Your copy of the data should match it exactly, except that the pictures are gone.

- Supplied information
□ □ □ □

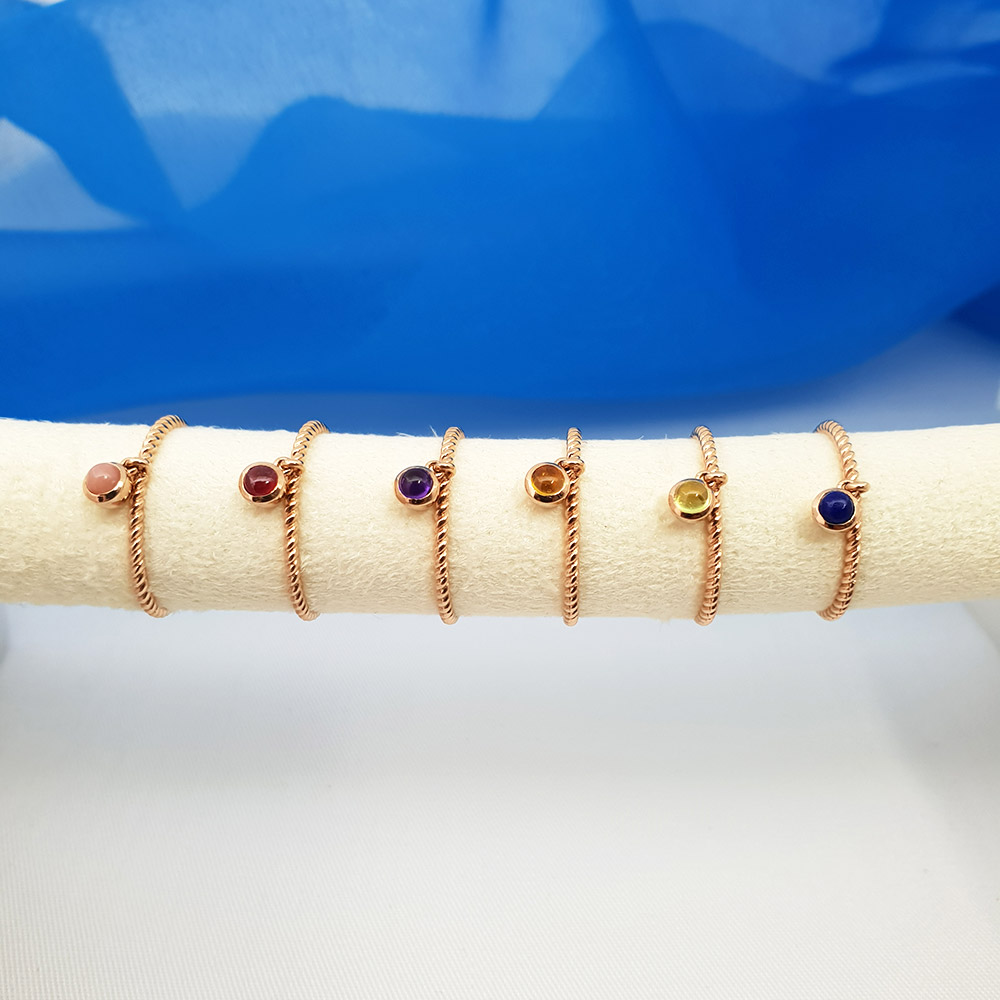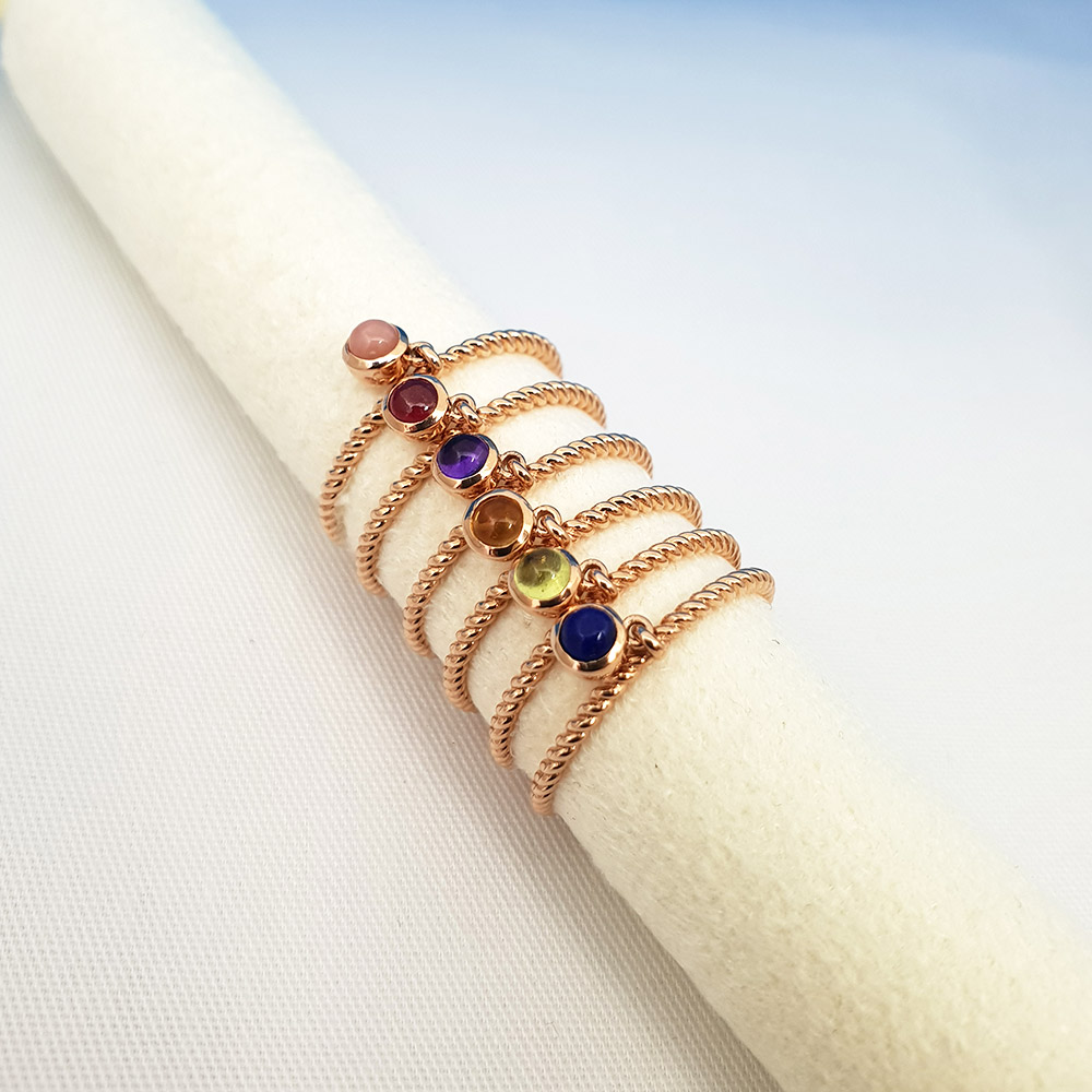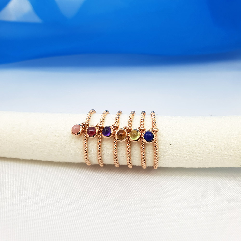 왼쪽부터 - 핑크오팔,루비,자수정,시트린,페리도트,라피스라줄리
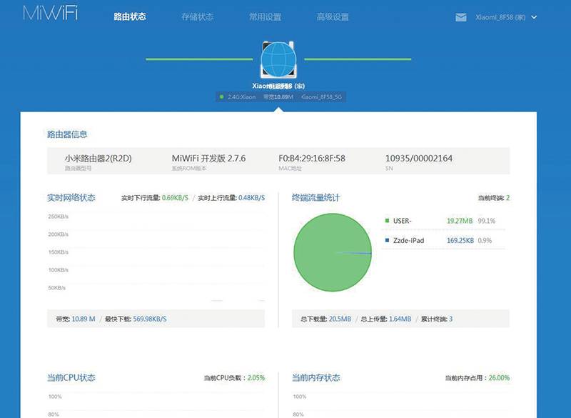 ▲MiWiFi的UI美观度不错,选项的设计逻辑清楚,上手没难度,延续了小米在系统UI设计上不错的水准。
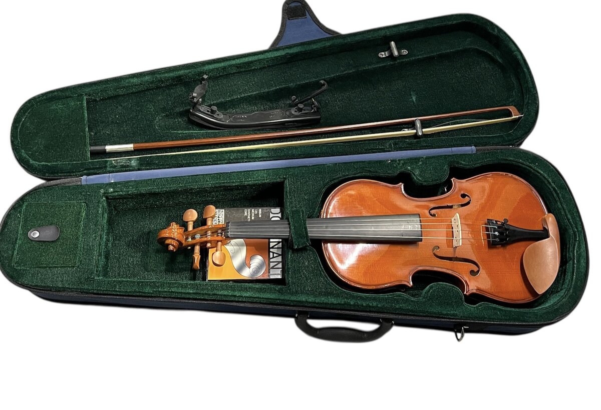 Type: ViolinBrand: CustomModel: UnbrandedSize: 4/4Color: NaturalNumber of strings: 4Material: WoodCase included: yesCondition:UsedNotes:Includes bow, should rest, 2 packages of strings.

□ □ □ □

- Task output
 왼쪽부터 - 핑크오팔,루비,자수정,시트린,페리도트,라피스라줄리
 ▲MiWiFi的UI美观度不错,选项的设计逻辑清楚,上手没难度,延续了小米在系统UI设计上不错的水准。
 Type: ViolinBrand: CustomModel: UnbrandedSize: 4/4Color: NaturalNumber of strings: 4Material: WoodCase included: yesCondition:UsedNotes:Includes bow, should rest, 2 packages of strings.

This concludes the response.